A 2011 study found just five of 434 Dutch elderly care physicians reported performing euthanasia on a person with dementia and an advance directive—but all of those people were still competent to consent, rendering the advance request moot. Thirty-five per cent of doctors in the study reported having treated a patient with an advance directive for euthanasia that they had not adhered to.

Rob Jonquiere is the Amsterdam-based executive director of the World Federation of Right to Die Societies, and a retired physician. Before he turned to teaching in the mid-1980s, he helped two of his terminally ill patients die, in the days when that was a legal grey area in the Netherlands. “I actually wanted at the moment of the injection to look the patient in the eye and say, ‘Is this what you really want?’ ” he says. Dementia presents a brutal Catch-22. “I sometimes say the doctor is prepared to do it at the moment when the patient is not yet ready,” Jonquiere says. “And once the patient says, ‘This is for me too much,’ the doctor says, ‘You’re past the point where I am prepared to do it.’ ”

He describes his country’s grappling with assisted death in stages of societal maturity: now that it’s been normalized for those with terminal physical illnesses, the Netherlands has the capacity to discuss more complicated cases, such as dementia or psychiatric conditions. His advice to Canadian colleagues contemplating the provision of assisted death to their patients mirrors that: helping someone to end their life is a heavy burden, so he recommends doctors begin with the most obvious cases of suffering. “I always refrain from using the term ‘killing.’ You terminate life—and actually, more than that, you terminate the suffering,” Jonquiere says. “Get used to that idea, because it is counter-human a little bit. It never will be a routine action.”

Related: Assisted death becomes the new pro-choice debate

Even if a provision for advance directives were to be added to the Canadian law, the Johnstons know it may be too late to benefit Jimmie directly, but they’d like to see the option available for others. The decency of this is so obvious to them, they seem baffled by the need for any further justification. “Because it’s right,” Kristine says. “Because it should be there. It’s right.”

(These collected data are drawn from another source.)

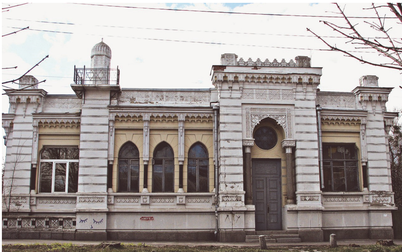
Рис. 1. Будинок по вул. Паризької Комуни, 15

У 2008 році була зроблена спроба розробити проект реконструкції колишнього особняка під готель, однак проект так і не був реалізований. З 2008 року будинок відселений і стоїть пусткою (рис.1,2)
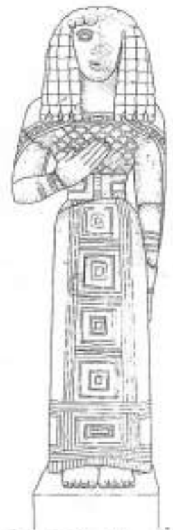
Dessin d'Isabelle Bradfer (coll. solo Louvre (16)
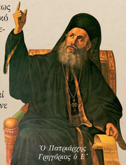
Ὁ Πατριάρχης Γρηγόριος ὁ Ε΄

Ἀπό τήν ἀρχή τῆς Ἐπαναστάσεως διεφάνη τό στρατιωτικό καί πολιτικό πνεῦμα τοῦ ἔμπειρου Ὁπλαρχηγοῦ Θεοδώρου Κολοκοτρώνη, ὁ ὁποῖος διέβλεψε τήν ἀνάγκη νά στραφῇ κατά τοῦ Κέντρου τῆς Πελοποννήσου καί νά ἐγκαταστήσει μόνιμο ἐπαναστατικό στρατόπεδο στήν Τριπολιτσά. Τό σχέδιο του νά περισφίξη τήν πόλι καί νά τήν ἀναγκάσει σέ παράδοσι ἔγινε δεκτό καί ἀπό τόν ἀνακηρυχθέντα Ἀρχιστράτηγον τοῦ ἀγῶνος Πετρό-
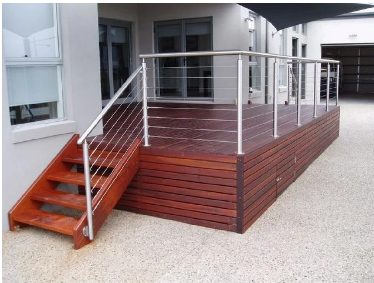
projeto de cabo de aço inoxidável corrimão para escadas interiores
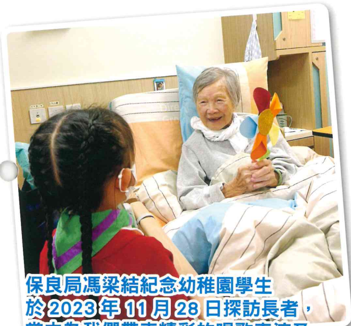
保良局馮梁結紀念幼稚園學生於2023年11月28日探訪長者，當中為我們帶來精彩的唱歌表演及親手贈送手工花朵。
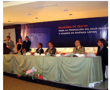
Inauguración del taller a cargo del Dr. Wellington Sandoval, Ministro de Salud Pública del Ecuador, en representación del Señor Presidente de la República del Ecuador.

Para llevar adelante este idea, se acordó la conformación de una "Alianza para la Promoción del Agua Segura e Higiene en América Latina" (Alianza), que permita juntar los esfuerzos de las instituciones que actualmente trabajan en este tema, en ayuda de las miles de familias que necesitan de manera urgente, acceder al agua segura. Como resultado se elaboró la siguiente declaración. 💧
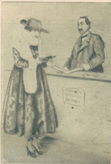
Pri uredniku. - „Jaz bi rada inserirala zaročni oglas; toda prosim za znižano ceno, ker se večkrat zaročim.“

sedanjih dneh zaliti ljudje od suhih! Vzbujaajo nevoščljive poglede in misli o preobloženih mizah. Pa niso vselej utemeljene, ker se redi marsikdo ob niču in se suši marsikdo ob izobilju vsega. Kdor je vitek, naj bo vesel svoje lepote in naj se ne zgleduje ob grdi debelušnosti drugih; debelost je nevarna za zdravje, posebno poleti.
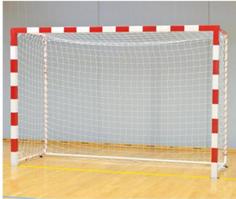
Buts de handball compétition acier peint bicolore avec barre de stabilisation
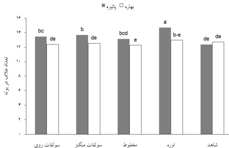
شکل ۳. اثر متقابل محلول پاشی با فصل کاشت بر تعداد غلاف در بوته نخود در کشت‌های بهاره و پائیزه

در هر ستون و برای هر تیمار میانگین‌های دارای حروف مشترک، در سطح احتمال ۵ درصد، اختلاف معنی‌داری ندارند.
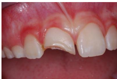
Slika 5. Frakturirani zub 11
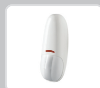
ПИК детектор "шторка"
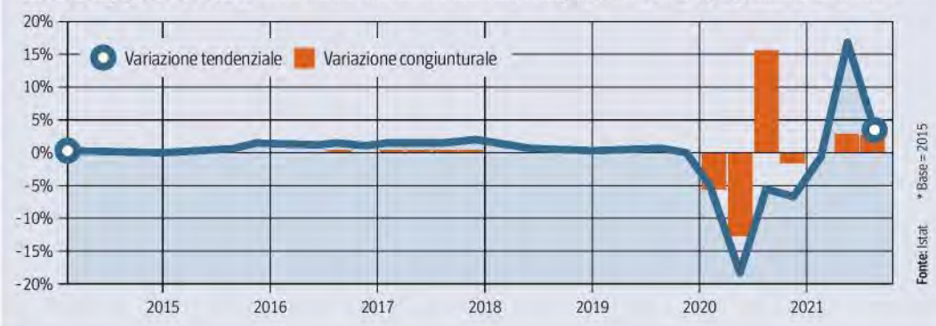
Recovery post Covid Prodotto interno lordo, dati concatenati, destagionalizzati e corretti per gli effetti di calendario*

Ritaglio Stampa ad uso esclusivo del destinatario. Non riproducibile

In the meantime, there is grass to mow, a garden to tend and wildlife to watch. Jimmie has always been a fastidious journal keeper, and each year when he starts a new one, Kristine creates a custom cover. He likes something to grab his attention and get the day started off right, so Kristine always selects a few upbeat quotes she likes, and Jimmie picks his favourite. The 2016 edition is entitled: “A great deal of what we see depends upon what we are looking for.” When he was working, Jimmie used to fill his daytimers with notes on customer appointments and serial numbers. Now, he keeps a running census of the squirrels, birds and bats that populate their big backyard.

In the absence of being able to control things the way Jimmie would have liked, one day soon they will need to apply to get him on the nursing-home waiting list. But as Kristine is quick to remind him, that’s for a few years down the road, not anytime soon. Right now, it’s the perfect season for sitting together on the swing in the evening, drinking wine and watching the world go by.